Sie stammt wie einige andere Soldatinnen aus einer Militärfamilie. Und hier fragt man sich als Zuschauer durchaus, ob ihre Männer oder Väter, die teils als hochrangige Offiziere angestellt sind, konkret etwas unternommen haben. Einige von ihnen spricht Dick zwar, allerdings berichten sie nicht von eigenen Handlungen. Und trotz der Inklusion von Michael Matthews gehen die sexuellen Übergriffe auf Männer etwas unter, wo sie doch die Mehrheit der Fälle ausmachen, ebenso wie zum Schluss zwar viele Politiker viel reden, aber ebenfalls nicht auf mögliche Handlungen und Maßnahmen angesprochen werden. Hier hätte der Film noch Potenzial gehabt.

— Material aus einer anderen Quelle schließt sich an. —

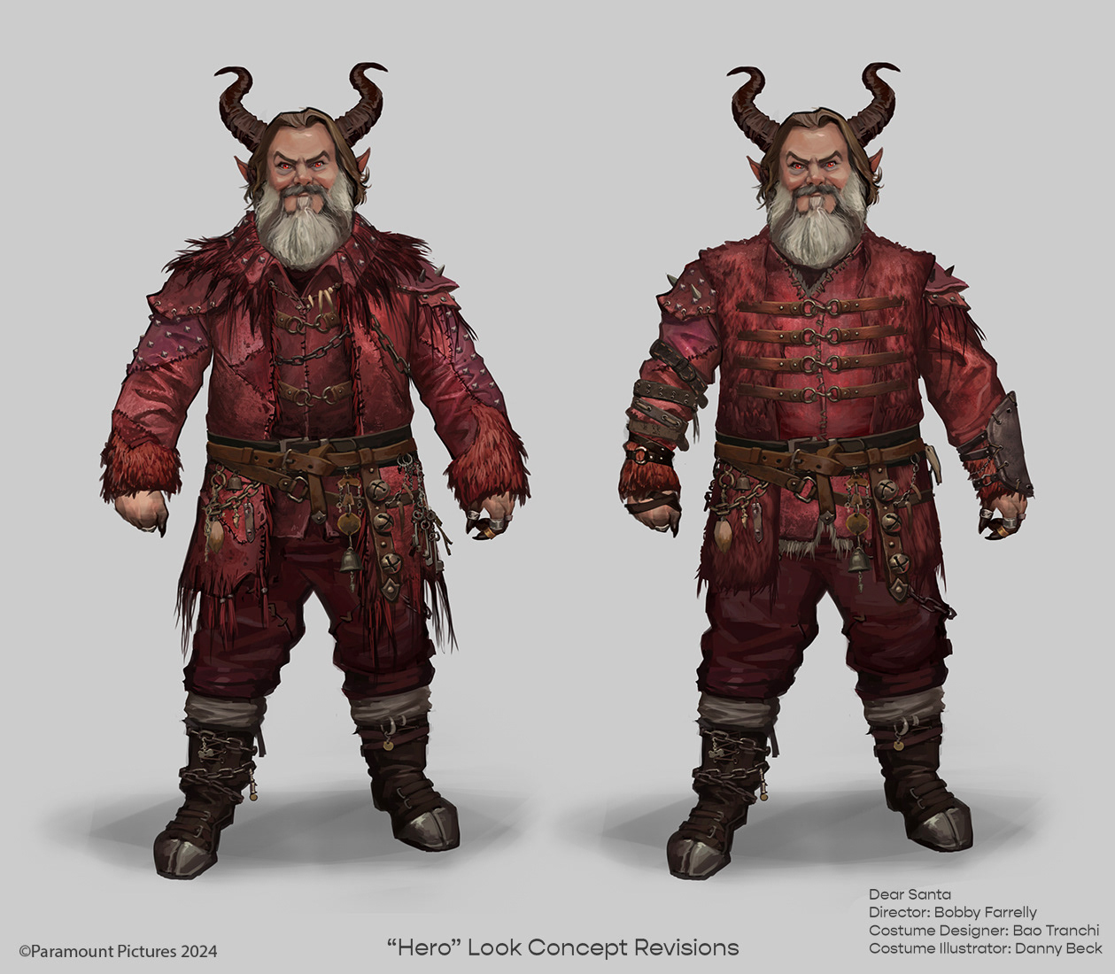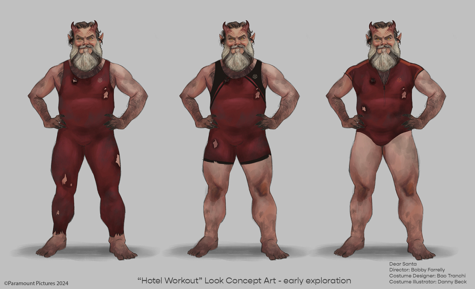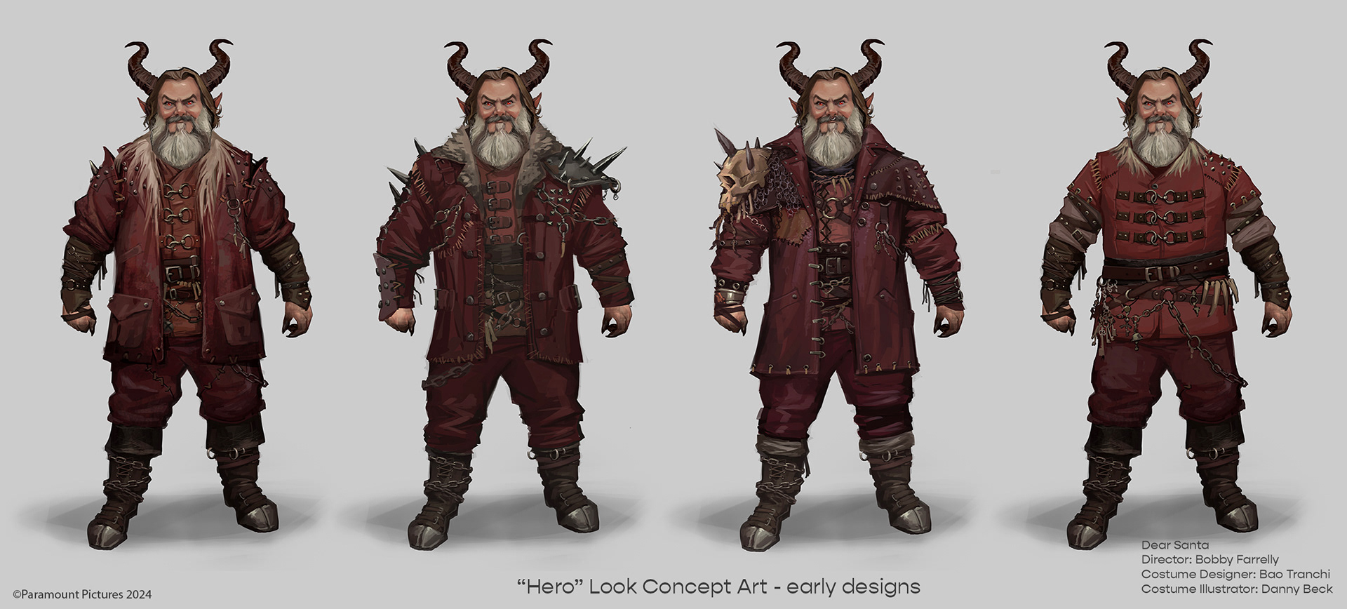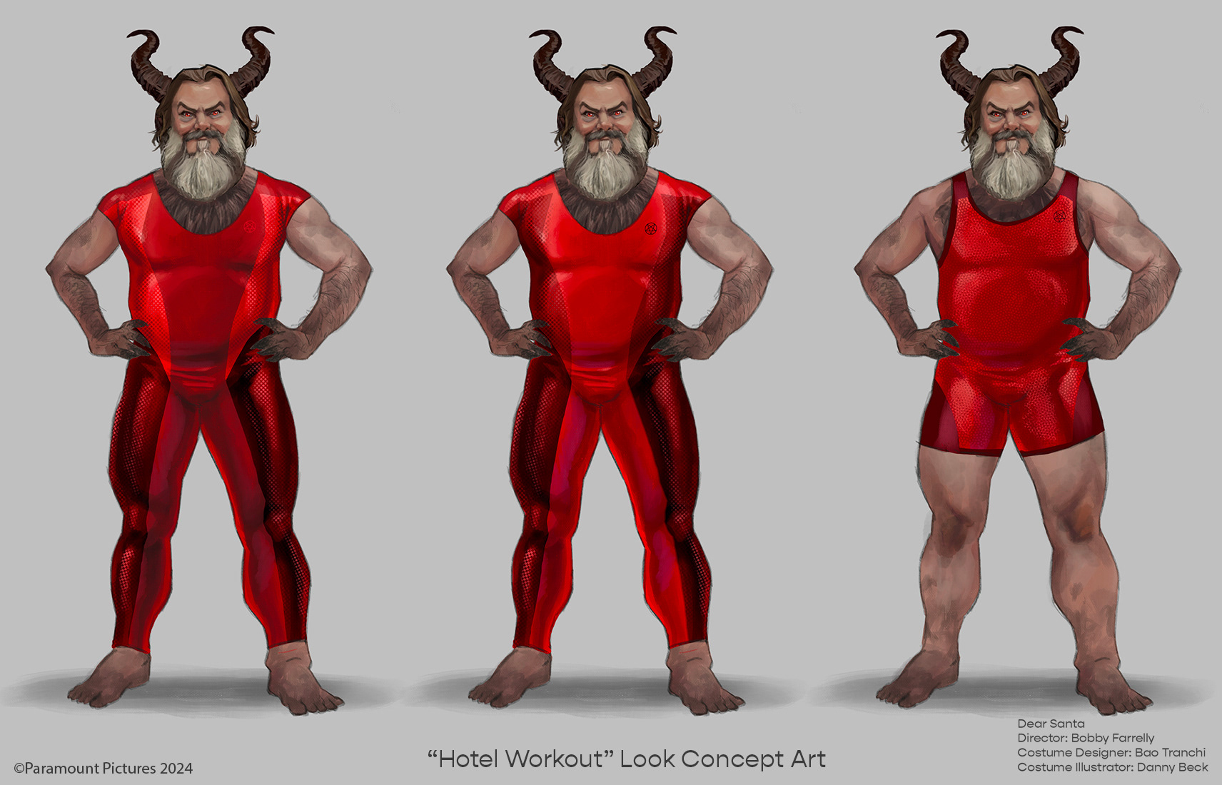 I had the privilege of working with esteemed costume/fashion designer Bao Tranchi on this, my first, movie production. Jack's main costume needed to look vaguely similar to Santa Claus's traditional outfit

Aber auch so ist es erschütternd, wie in The Tillman Story zuvor erneut aufgezeigt zu bekommen, aus was für Menschen sich das US-Militär genau zusammenstellt und wozu die Leitung dieses Apparates im Stande ist, um seine Täter zu schützen und seine Opfer zu benachteiligen. Denn während die Hannah Sewells ihrer Jungfräulichkeit beraubt und die Kori Ciocas unwiderruflich verletzt wurden, hat das US-Militär nicht nur nie Verfahren gegen die Täter aufgenommen, sondern diese teils sogar ausgezeichnet oder befördert. Dabei sind sexuelle Übergriffe in der Armee kein reines US-Phänomen, sondern kommen auch bei uns in der Bundeswehr vor.

Rund 80 Vorfälle werden dort jährlich gemeldet, wobei nur ein Viertel der Soldatinnen dem Sozialwissenschaftlichen Institut der Bundeswehr nach die sexuellen Übergriffe überhaupt zur Anzeige bringt. Ganz so dramatisch wie in den USA scheint die Situation aber zumindest hierzulande (noch) nicht zu sein – und vermutlich würden Vergewaltigungen auch hier nicht als Berufsgefahr ausgelegt werden. Frauen in den USA sei in Bezug auf die Einschreibung zum Dienst beim Militär jedenfalls geraten: Don’t risk it. Denn wenn The Invisible War dem Zuschauer etwas zeigt, dann dass der berühmte US Army-Slogan “Be All You Can Be” für viele nicht viel heißt.